1. An object of $u_{pp}\mathcal{S}$ is a triple $(U, \phi : V \to u(U), x)$ where $U \in \mathop{\mathrm{Ob}}\nolimits (\mathcal{C})$, the map $\phi : V \to u(U)$ is a morphism in $\mathcal{D}$, and $x \in \mathop{\mathrm{Ob}}\nolimits (\mathcal{S}_ U)$.

2. A morphism

$(U_1, \phi _1 : V_1 \to u(U_1), x_1) \longrightarrow (U_2, \phi _2 : V_2 \to u(U_2), x_2)$

of $u_{pp}\mathcal{S}$ is given by a $(a, b, \alpha )$ where $a : U_1 \to U_2$ is a morphism of $\mathcal{C}$, $b : V_1 \to V_2$ is a morphism of $\mathcal{D}$, and $\alpha : x_1 \to x_2$ is morphism of $\mathcal{S}$, such that $p(\alpha ) = a$ and the diagram

$\xymatrix{ V_1 \ar[d]_{\phi _1} \ar[r]_ b & V_2 \ar[d]^{\phi _2} \\ u(U_1) \ar[r]^{u(a)} & u(U_2) }$

commutes in $\mathcal{D}$.

We think of $u_{pp}\mathcal{S}$ as a category over $\mathcal{D}$ via

$p_{pp} : u_{pp}\mathcal{S} \longrightarrow \mathcal{D}, \quad (U, \phi : V \to u(U), x) \longmapsto V.$

The fibre category of $u_{pp}\mathcal{S}$ over an object $V$ of $\mathcal{D}$ does not have a simple description.

Lemma 8.12.5. In the situation above assume

1. $p : \mathcal{S} \to \mathcal{C}$ is a fibred category,

2. $\mathcal{C}$ has nonempty finite limits, and

3. $u : \mathcal{C} \to \mathcal{D}$ commutes with nonempty finite limits.

Consider the set $R \subset \text{Arrows}(u_{pp}\mathcal{S})$ of morphisms of the form

$(a, \text{id}_ V, \alpha ) : (U', \phi ' : V \to u(U'), x') \longrightarrow (U, \phi : V \to u(U), x)$

with $\alpha$ strongly cartesian.
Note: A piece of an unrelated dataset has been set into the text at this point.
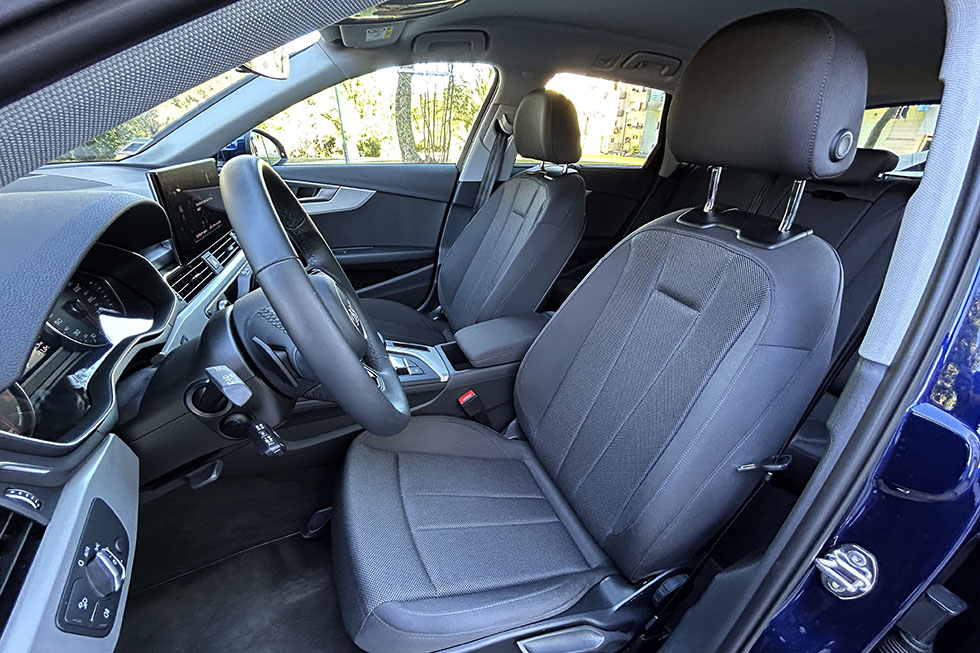 A posição de condução é excelente, com algumas das regulações mais amplas do segmento, mas depois, percebemos rapidamente que o habitáculo já não é assim tão amplo como nos modelos mais recentes e que esta plataforma ainda é daquelas que nos deixa numa altura normal, sem as medidas necessárias para baterias de sistemas elétricos por baixo do habitáculo e sem ter de ficar mais próxima das cotas de um SUV. Ou seja, nesta Audi A4 Avant vamos perfeitamente sentados e próximos do asfalto, o que já é raro, mas ainda muito desejado por quem gosta de conduzir.

Then $R$ is a right multiplicative system.

Proof. According to Categories, Definition 4.27.1 we have to check RMS1, RMS2, RMS3. Condition RMS1 holds as a composition of strongly cartesian morphisms is strongly cartesian, see Categories, Lemma 4.33.2.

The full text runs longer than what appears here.